Absolute words such as “always” and “never” are the most indicative. Others; best, most, worst, everyone, everything, perfect, impossible, absolutely etc.
– A suspect under interrogation might say: “I never committed a crime ever in my life.”
– A salesman trying to make a sale might say: “This is the best price you’ll find anywhere, guaranteed.”
– A con artist working a mark might say: “I always take care of my best people the best.”
– A spy recruiting a hostile asset might say: “We know everything about you and everyone you know.”
– A politician caught in a scandal might say: “It was a perfect call, the best call.”
– A person being accused might say: “I have absolutely no memory of that.”
People who are not actively lying or are generally trustworthy tend to naturally avoid absolute words by using; “sometimes”, “often”, “somewhat”, “probably”, “likely”, “fairly”, “frequently”, “rarely” and so on.
This method of detecting deception is not definitive as some people are just wired with absolute thinking or a statement does indeed qualify as an absolute.
So it should be calibrated accordingly per scenario.
Inversely, when you yourself have to be strategically deceptive, avoid using absolute terms.
One of the most effective methods of detecting a deceptive person is when they talk a lot but don’t really say anything. The sentences are flowing but nothing of substance is materializing.
This is particularly true with skilled or prepared liars.
When asked a question, a person might talk openly and without hesitation but never actually answering the question – deflecting or changing the subject. Talking fast, using too many filler words or unnecessarily long words and never reaching a point or conclusion.
Speech quantity over quality.
A person that’s actively being deceptive will deliberately talk in this manner to “run out the clock”, hope you forget the question / subject or trick you into thinking they answered the question.
Some people naturally ramble on as it’s just the way they speak or it could mean the person is nervous for a reason that has nothing to do with deception.
But when specifically applied for lying, you should be able to discern the changes in their speech patterns and recognize it as an indicator of deception.
The truth is said without pressure of needing to justify or back up its validity from the perspective of the speaker.

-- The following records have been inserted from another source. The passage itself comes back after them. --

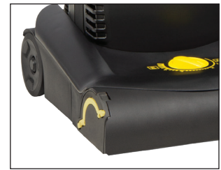
CHANGEABLE ROLLER BRUSH Requires no tools and allows hairs, threads, etc. to be removed quickly and easily.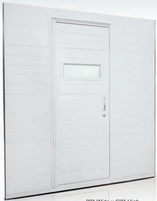
32" Wide x 6'8" High Windows Available

Minimum of 60" of high lift is required for 500 series pass doors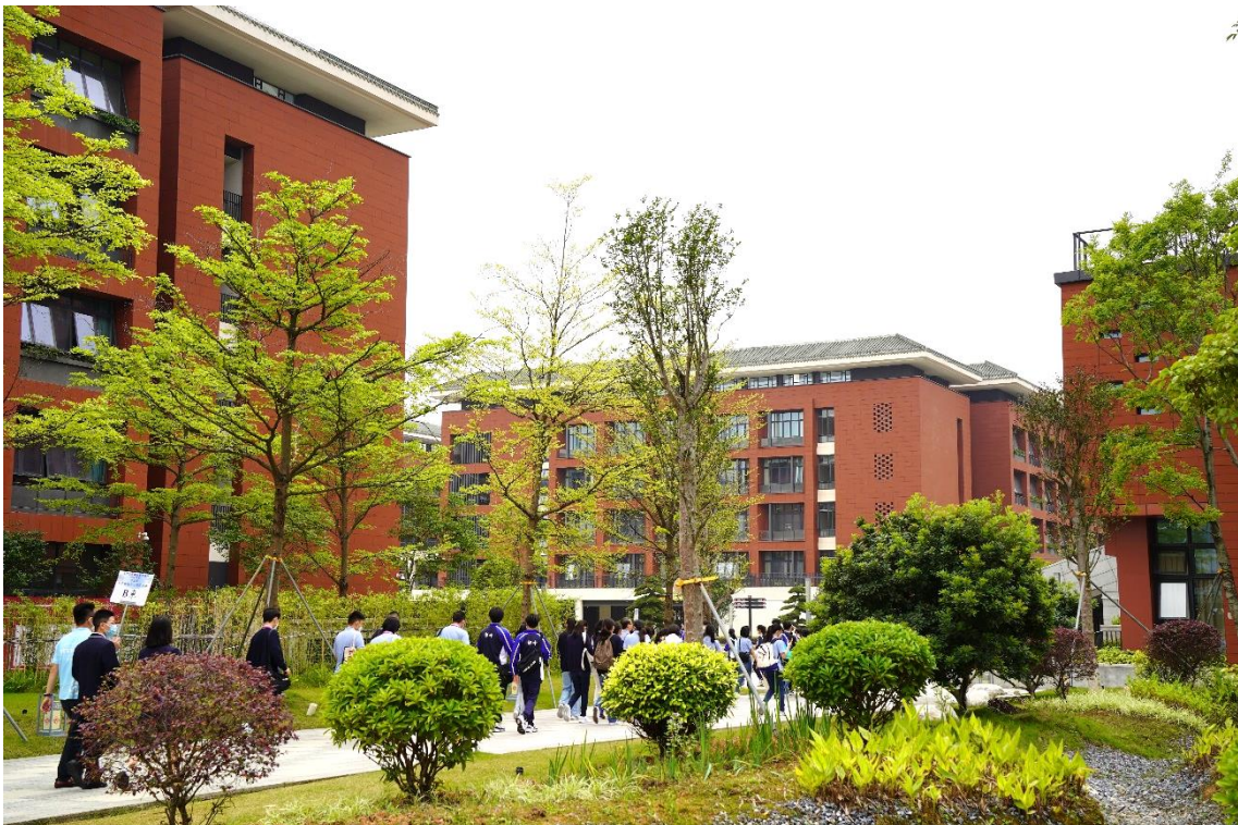
Our students visit Guangzhou Zhixin High School

Whereas lies come with the pressure of it having to be justified or validated.
The truth has greater substance over lies but are conveyed in shorter and more concise sentences.
Lies require imagination, creation and convincing.

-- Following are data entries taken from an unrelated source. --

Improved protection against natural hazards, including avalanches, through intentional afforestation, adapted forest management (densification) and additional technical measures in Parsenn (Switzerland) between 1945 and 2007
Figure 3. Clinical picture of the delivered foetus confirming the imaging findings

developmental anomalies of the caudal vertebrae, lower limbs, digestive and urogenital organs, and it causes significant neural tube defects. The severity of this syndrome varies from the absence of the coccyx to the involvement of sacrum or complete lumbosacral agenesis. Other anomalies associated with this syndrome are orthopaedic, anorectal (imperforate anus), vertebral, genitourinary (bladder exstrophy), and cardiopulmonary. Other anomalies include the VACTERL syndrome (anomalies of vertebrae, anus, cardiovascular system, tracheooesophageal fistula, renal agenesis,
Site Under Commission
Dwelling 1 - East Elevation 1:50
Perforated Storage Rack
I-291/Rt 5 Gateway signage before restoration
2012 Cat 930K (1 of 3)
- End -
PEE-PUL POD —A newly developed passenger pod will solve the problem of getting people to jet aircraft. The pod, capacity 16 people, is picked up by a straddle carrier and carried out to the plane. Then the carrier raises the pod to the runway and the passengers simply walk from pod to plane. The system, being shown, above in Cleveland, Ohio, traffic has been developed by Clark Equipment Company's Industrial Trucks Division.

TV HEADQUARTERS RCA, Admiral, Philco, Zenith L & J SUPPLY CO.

Which often results in long-winded explanations and stories that lack interpretation and plot, respectively.
Words + No Facts = Deception = No Substance
When you ask someone a question about something they may have done, the answer will be in a story format from the start of the event to the end.
Even if the person can’t remember everything, the story is easy to tell if it’s the truth or if it’s a well prepared fabrication or it’s told by a skilled liar.
Once the “story” has been established by the person, ask for the story to be told backwards.
Depending on the scenario of this conversation or interrogation, you can ask for the person to tell the entire story again starting from the end to the beginning – if you can craftfully ask them to.
This is called reverse chronology – to tell a story starting from the end and moving backwards.
An honest story will flow naturally albeit slower when told backwards, even yielding additional facts through the process as they are just saying things that actually happened without trying too hard.
A deceptive story told backwards is a much more difficult process because it’s not natural and it has to be in a sense, reverse engineered on the spot. Previously untold “facts” often materializes as well, but counter or contradict the original story.
Asking the person to tell the entire story again may not always be ideal. Instead you can ask about specific points of the story, question by question.
Additionally, when a deceptive story is being told, other indicators of deception tend to show such as vocal stress, body language shifts, facial micro expressions and speech pattern changes.
Truth is recalling memories to make it a story.
Deception is creating a story to make it a memory.